The rationale for the GABA experiments is indeed based on Figure 5 showing that GABA is excitatory at this age. This result then becomes the premise for separation of currents on the basis of ion selectivity, which is the best way to track differential effects on the GABA and glutamatergic currents. To that point, Figure 6 shows that the inward and outward currents behave largely as expected on the basis of pharmacology, setting the stage for Figure 7 experiments that would not be possible with currents that are all inwardly-directed. We see no way that we can start discussing the rationale for Figures 6 and 7 at the point where we first show that GABA is excitatory in Figure 5. There we address the rationale called for by this reviewer, as directly, succinctly and clearly as we can to do it, in the first sentence after Figure 5 results: “The differences in ion selectivity provided a direct way to determine the individual contributions of GABA- and glutamate-mediated currents to the recorded synaptic currents”.

I cannot overcome my problems with the design of Figure 6 and thus the interpretations of experiments meant to exclude GABA/glutamate as participants in the signaling cascade. The authors seem to concede that S/N is a problem. This does not lend confidence to the interpretation of either positive or negative results in the figure. As it stands, the lack of full pharmacological block in Figure 6—figure supplement 1 suggests that false positives are a problem. Even more concerning is the high frequency of inward sPSCs in Figure 6G in the presence of NBQX/APV. Raw traces post antagonist may help build confidence. It seems to me that the proper design would have been to use CsCl pipet solution, -70 mV, and pharmacologically isolate GABAA sPSCs and in turn AMPAR sPSCs. This would not have affected GABA's influence on the network.

We appreciate that separating the inward and outward currents the way we did it is not standard, but it is the only way to perform the experiments in Figure 7. Therefore, we deemed it logical and necessary to show the pharmacology using this same approach rather than applying pharmacology on all inward currents. In fact, we had performed the pharmacology both ways, but felt the approaches were redundant, so we only presented the pharmacology on the separated currents for the reason stated above. However, we have in hand all of the standard pharmacology characterization proposed by the reviewer and we have added it as Figure 6—figure supplement 2, along with brief presentation of the statistics and data in the Results section. The results from the two approaches are consistent and both show the persistence of a class of inward currents in the presence of GluR blockers. We hope adding this data will convince the reviewer that the data in Figure 6 does not reflect a poor S/N.

I am still confused about the time course data shown in Figure 7. Here the effect of depolarization fades by 150 ms, while in Figures 1 and 4 the effect remains for 20-30 s.

This reviewer missed the distinction of the paradigm in Figure 7 from that in the other figures, and thus its importance, so we need to clarify.
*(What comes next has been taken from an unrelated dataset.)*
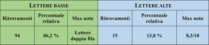 In questo paragrafo non sono considerati i due esemplari con filigrana lettere in doppia fila. Descriverò i ritrovamenti degli esemplari con filigrana lettere suddividendoli in filigrana lettere in basso e in alto (figura 11). Anticipo subito che la posizione in basso è decisamente più comune. È interessante notare il grande divario tra le due posizioni di filigrana.

As stated above, Figure 6 definitively rules out GABA as being directly released, since the TFLLR response is not affected in the presence of the GABA antagonist. The same strategy, using a glutamate antagonist, implicates glutamate as a candidate. Therefore, we designed a protocol that would test specifically whether release of any inwardly directed current, including glutamate, was synchronized to the depolarization (i.e. immediate release). The time base in Figure 7 reflects this specific paradigm that is completely different from that in Figures 1 and 4, and all the other figures, that use trains of depolarization. In Figure 7, we use a single depolarization and analyze only the first 200 msec where a directly released transmitter action would be expected. This single action potential is not capable of activating fully the neuronal network in the way that a train of depolarization did. However, addition of TTX showed that the currents shown in Figure 7A did reflect a mild activation of the neuronal network, rather than a directly released glutamate or other ionotropic receptor transmitter. We have modified the Results section once again in an effort in order to provide a clearer rationale for this approach and highlight how this paradigm is different from that in the other figures.